— TASK INPUTS —

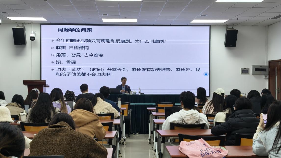 在讲座中,崔教授梳理了语言问题研究的多个理论维度,包括语言中的例据性、语言中的刻板印象、反预期表达、词源学问题等,并强调了认知视角在语言研究中的重要性。他以一系列妙趣横生的日常生活中的语言现象为例,进行了深入浅出地剖析,使在场师生对语言研究的理论与方法有了更清晰的认识。
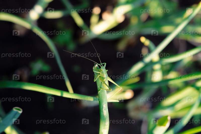 Зеленый саранча (Tettigonia viridissima) сидит на перье лука
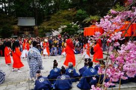 - 京の三大奇祭の一つに数えられるやすらい祭は、疫病を鎮め平安を願う春の祭礼です。平安の昔より伝えられる花鎮めの祭儀として知られ、「やすらい花」とも称されます。祭りの中心となるのは、桜や椿などで飾られた緋色のあでやかな風流傘です。この傘を中心に、赤毛・黒毛の鬼たちをはじめ約20名の行列が、お囃子に合わせて踊り歩きます。鬼たちは、飛び跳ねるように踊りながら地域を練り歩き、疫病を鎮めるかのように賑やかに進みます。風流傘の下に入ると、一年を無病息災で過ごせると伝えられており、多くの人々が健康を願って傘の下をくぐります。この祭りは、囃子や歌舞で花の精を追い立て、風流傘に宿らせて社へとおさめるという、独特の儀式によって執り行われます。
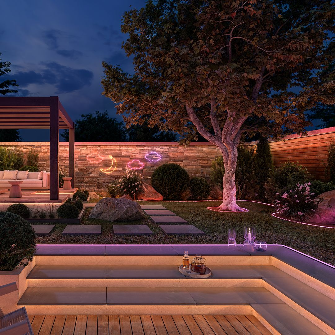 - Philips Hue Zewnętrzna taśma LED Neon: łączy kolory i zabawne efekty, aby przekształcić każdą przestrzeń zewnętrzną w olśniewający efekt.
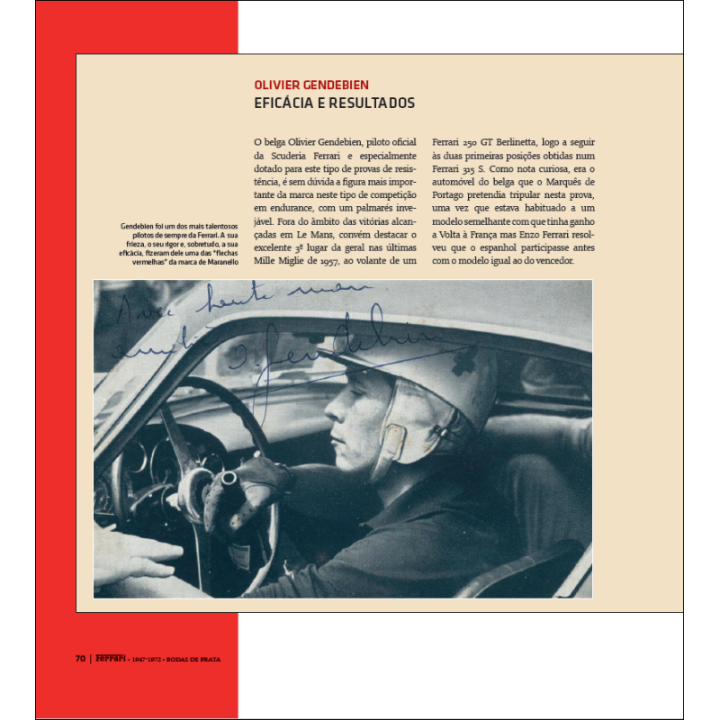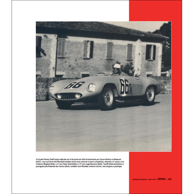 Reference : LN06009The main objective of this book is to describe the first 25 years of success and victories of the Ferrari brand in racing, in a period that goes from its foundation in 1947, until 1972. In Portugal the Ferrari brand, during the fifties and sixties, was the winner of numerous races organized on Portuguese soil, not only by foreigners, but also by Portuguese drivers, on famous circuits such as Boavista (Porto), Vila Real, Monsanto and Montes Claros (Lisbon), Cascais and Vila do Conde.
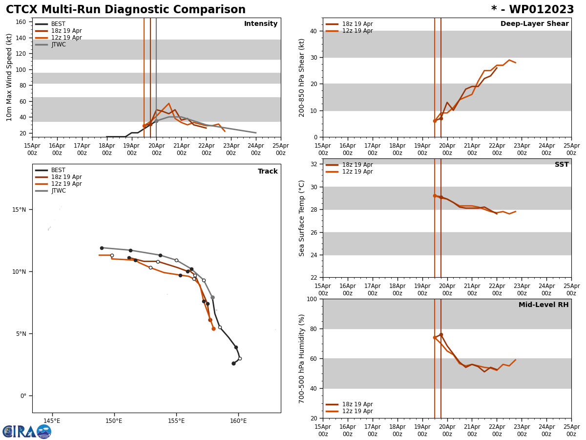 MODEL DISCUSSION: AVAILABLE NUMERICAL MODEL TRACK FORECAST GUIDANCE REMAINS IN GOOD AGREEMENT REGARDING A GENERALLY NORTHWESTWARD TRACK IN THE NEAR-TERM FOLLOWED BY AN INCREASINGLY WESTWARD TRACK AFTER TAU 24. NAVGEM IS THE SOLE OUTLIER IN TERMS OF TRACK ORIENTATION, INDICATING A TRACK TO THE NORTH OF THE PRIMARY GUIDANCE ENVELOPE LIKELY DUE TO STRONG INTENSIFICATION IN THE MODEL ON THE CURRENT RUN. THE CURRENT TRACK FORECAST IS PLACED WITH MEDIUM CONFIDENCE WITHIN THE PRIMARY MODEL GROUPING, SLIGHTLY TO THE SOUTH OF THE CONSENSUS TRACK. ASIDE FROM THE LATEST NAVGEM SOLUTION, GLOBAL AND MESOSCALE DYNAMIC MODELS, INCLUDING HWRF AND COAMPS-TC, REMAIN IN GOOD AGREEMENT REGARDING THE INTENSITY FORECAST TREND. SHIPS STATISTICAL-DYNAMICAL INTENSITY GUIDANCE INDICATES HIGHER INTENSITIES, WHICH REMAINS AS A LOW PROBABILITY OUTCOME IF THE SYSTEM VERY QUICKLY ORGANIZES OVER THE NEXT 12-24 HOURS AND MODIFIES THE ENVIRONMENT SIGNIFICANTLY TO WARD OFF THE NEGATIVE IMPACTS OF INCREASING SHEAR AND DRIER AIR ENTRAINMENT. GIVEN THE SMALL SIZE OF THE SYSTEM AND CURRENT STARTING POINT AS A WEAK TROPICAL STORM, A LONGER SURVIVAL OF THE SYSTEM IS ASSESSED AS A LOW PROBABILITY OUTCOME. CONFIDENCES IN BOTH THE TRACK AND INTENSITY FORECASTS ARE MEDIUM BASED ON MARGINAL UNCERTAINTY IN THE SHIFTING STEERING ENVIRONMENT AND NEAR-TERM INTENSIFICATION TREND, RESPECTIVELY.

— WHAT THE TASK ASKS —
When you restate the listing above, give each line word for word but leave out every image.

— RESULT —
 在讲座中,崔教授梳理了语言问题研究的多个理论维度,包括语言中的例据性、语言中的刻板印象、反预期表达、词源学问题等,并强调了认知视角在语言研究中的重要性。他以一系列妙趣横生的日常生活中的语言现象为例,进行了深入浅出地剖析,使在场师生对语言研究的理论与方法有了更清晰的认识。
 Зеленый саранча (Tettigonia viridissima) сидит на перье лука
 - 京の三大奇祭の一つに数えられるやすらい祭は、疫病を鎮め平安を願う春の祭礼です。平安の昔より伝えられる花鎮めの祭儀として知られ、「やすらい花」とも称されます。祭りの中心となるのは、桜や椿などで飾られた緋色のあでやかな風流傘です。この傘を中心に、赤毛・黒毛の鬼たちをはじめ約20名の行列が、お囃子に合わせて踊り歩きます。鬼たちは、飛び跳ねるように踊りながら地域を練り歩き、疫病を鎮めるかのように賑やかに進みます。風流傘の下に入ると、一年を無病息災で過ごせると伝えられており、多くの人々が健康を願って傘の下をくぐります。この祭りは、囃子や歌舞で花の精を追い立て、風流傘に宿らせて社へとおさめるという、独特の儀式によって執り行われます。
 - Philips Hue Zewnętrzna taśma LED Neon: łączy kolory i zabawne efekty, aby przekształcić każdą przestrzeń zewnętrzną w olśniewający efekt.
 Reference : LN06009The main objective of this book is to describe the first 25 years of success and victories of the Ferrari brand in racing, in a period that goes from its foundation in 1947, until 1972. In Portugal the Ferrari brand, during the fifties and sixties, was the winner of numerous races organized on Portuguese soil, not only by foreigners, but also by Portuguese drivers, on famous circuits such as Boavista (Porto), Vila Real, Monsanto and Montes Claros (Lisbon), Cascais and Vila do Conde.
 MODEL DISCUSSION: AVAILABLE NUMERICAL MODEL TRACK FORECAST GUIDANCE REMAINS IN GOOD AGREEMENT REGARDING A GENERALLY NORTHWESTWARD TRACK IN THE NEAR-TERM FOLLOWED BY AN INCREASINGLY WESTWARD TRACK AFTER TAU 24. NAVGEM IS THE SOLE OUTLIER IN TERMS OF TRACK ORIENTATION, INDICATING A TRACK TO THE NORTH OF THE PRIMARY GUIDANCE ENVELOPE LIKELY DUE TO STRONG INTENSIFICATION IN THE MODEL ON THE CURRENT RUN. THE CURRENT TRACK FORECAST IS PLACED WITH MEDIUM CONFIDENCE WITHIN THE PRIMARY MODEL GROUPING, SLIGHTLY TO THE SOUTH OF THE CONSENSUS TRACK. ASIDE FROM THE LATEST NAVGEM SOLUTION, GLOBAL AND MESOSCALE DYNAMIC MODELS, INCLUDING HWRF AND COAMPS-TC, REMAIN IN GOOD AGREEMENT REGARDING THE INTENSITY FORECAST TREND. SHIPS STATISTICAL-DYNAMICAL INTENSITY GUIDANCE INDICATES HIGHER INTENSITIES, WHICH REMAINS AS A LOW PROBABILITY OUTCOME IF THE SYSTEM VERY QUICKLY ORGANIZES OVER THE NEXT 12-24 HOURS AND MODIFIES THE ENVIRONMENT SIGNIFICANTLY TO WARD OFF THE NEGATIVE IMPACTS OF INCREASING SHEAR AND DRIER AIR ENTRAINMENT. GIVEN THE SMALL SIZE OF THE SYSTEM AND CURRENT STARTING POINT AS A WEAK TROPICAL STORM, A LONGER SURVIVAL OF THE SYSTEM IS ASSESSED AS A LOW PROBABILITY OUTCOME. CONFIDENCES IN BOTH THE TRACK AND INTENSITY FORECASTS ARE MEDIUM BASED ON MARGINAL UNCERTAINTY IN THE SHIFTING STEERING ENVIRONMENT AND NEAR-TERM INTENSIFICATION TREND, RESPECTIVELY.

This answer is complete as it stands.